Starting at the first line of the data, print each line verbatim up to and including the line bearing "Beaver Windshield/Engine Cover", omitting pictures.

Entries taken from a collection>
>>>>>

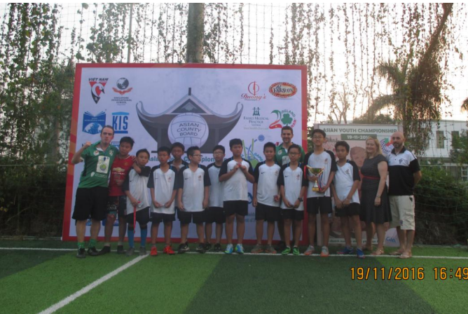
Gaelic Football Club
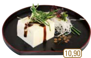
S615 Fresh tofu with salad and dark sauce s 10,90
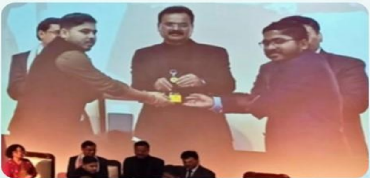
NRDS Received two awards, 5th Best Training Partner and 3rd Best Training Partner Placement from Assam Skill Development Mission in 2021. The award was handed to
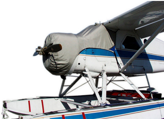
Beaver Windshield/Engine Cover
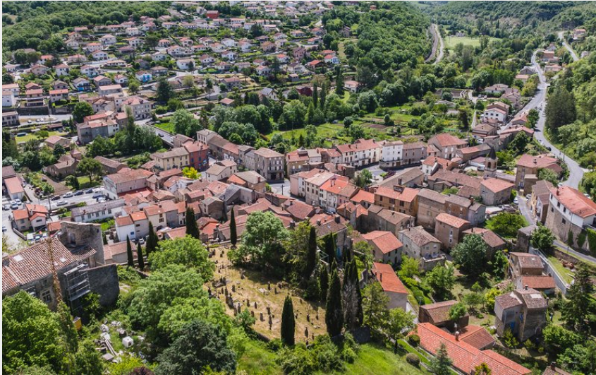
Saint-Rome-de-Cernon (Virginie Govignon)
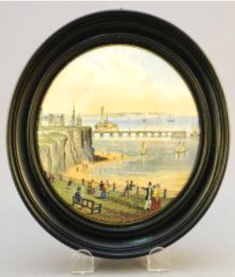
Lot # 228

228 Framed pot lid - "The New Jetty and Pier, Margate", 5 1/4".
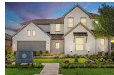
Hamilton Thomas Homes

<<<<<

Answer section>
Gaelic Football Club
S615 Fresh tofu with salad and dark sauce s 10,90
NRDS Received two awards, 5th Best Training Partner and 3rd Best Training Partner Placement from Assam Skill Development Mission in 2021. The award was handed to
Beaver Windshield/Engine Cover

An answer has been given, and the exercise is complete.